「ネオニコ」考

某農業SNSで、このキーワードが出るとだいたい大荒れする。これは賛成派(容認派)と反対派で、この言葉の受け取り方が全然違うためのように思う。
賛成派は、賛成といっても最近は農薬はできるだけ使いたくないという思いの人ばかり。忸怩たる思いで使っている。
でも、耐性を持った害虫に対応するのに、ネオニコは重要な武器。これを使わなければ、自分たちの生活が成り立たない。生きていけない。簡単に手放せない。使うのは気が引けるけれど、使わざるを得ない。そんな感じ。そうした忸怩たる思いの人たちが「ネオニコ」と聞くと。

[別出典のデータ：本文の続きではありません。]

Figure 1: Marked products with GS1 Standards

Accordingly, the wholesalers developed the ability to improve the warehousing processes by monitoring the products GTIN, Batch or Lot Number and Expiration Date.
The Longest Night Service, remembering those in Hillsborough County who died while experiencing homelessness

自分が責められている気がする。まだ使っているのか、お前は、と言われているようで。そうでなくても忸怩たる思いを持っているので、「ネオニコ」と聞いただけで敏感に反応してしまう。だから否定的ニュアンスでその言葉が語られると、自分も否定されているような気がする。そうしたパワーワード。

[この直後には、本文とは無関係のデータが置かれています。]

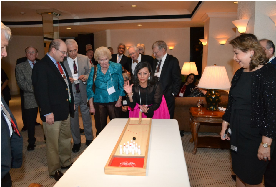
Benz Bowl - a chance to win great prizes

他方、農薬否定派の人たちにとって、「ネオニコ」は分かりやすい象徴。使っちゃダメな農薬の代表、くらいにとらえている。だから、ネオニコは農薬の象徴として気軽に言葉にしてしまう。すると、賛成派(容認派)の敏感な傷口に唐辛子とワサビと塩を混ぜてすりこんでしまう。
農水省は「みどりの食料システム戦略」を掲げ、化学農薬の低減を目指している。この結果、農薬否定派は意気軒高、農薬容認派はさらに忸怩たる思いという傷口がズキズキ。そこに「ネオニコ」という言葉を否定的に使うだけで、塩すりこむようなもの。

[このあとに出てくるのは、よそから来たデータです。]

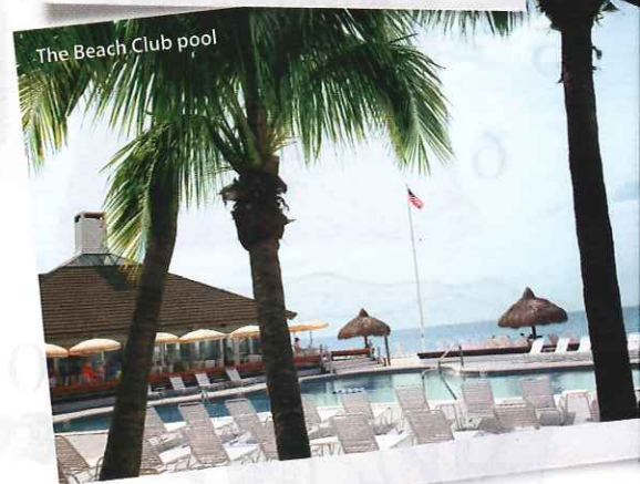
The Beach Club pool

CLOCKWISE FROM TOP LEFT: COURTESY OF BLACK POINT INN, GASPARILLA INN & CLUB, AND LA VALENCIA

農薬否定派は、自然界の生き物に優しい人だと思う。ならば、農薬容認派が忸怩たる思いを抱き、農薬使用していることを心の傷にしていることに対しても、優しさを発揮してほしいと思う。意気軒高と農薬バッシングするのは、んー、もうちょっと、考え直してほしいかな、と。
農薬否定派の人たちが気軽に「ネオニコ」と口にすることで、ズキズキ痛む人がいるということに、もう少し配慮が欲しい。配慮するやさしさが欲しい。
似たようなことを、脱原発でも感じることがある。原発事故が起きた時、原発推進派、容認派が猛攻撃にさらされた。私は「原発立地自治体にお住いの人たちとか、傷つかないかな」ということが心配になった。
私は原発にネガティブなイメージを持っている方で、できれば早いうちに原発をなくせたらなあ、と考えている。が、原発に関わって生活している人たちのことも心配。あんな事故が起きて、忸怩たる思いを抱いている人が大半だと思う。でも、生きていくためには関わらなきゃいけない。
原発以外の生活手段を提供できるならいいけど、それをしないで脱原発と声高に訴え、原発にかかわる人たちを悪の権化のように罵るのには、共感できない。脱原発を無事に進めるためにも、原発に関わる人が必要。その人たちの頑張りが必要。そしてやめた時には、生活手段の提供も必要。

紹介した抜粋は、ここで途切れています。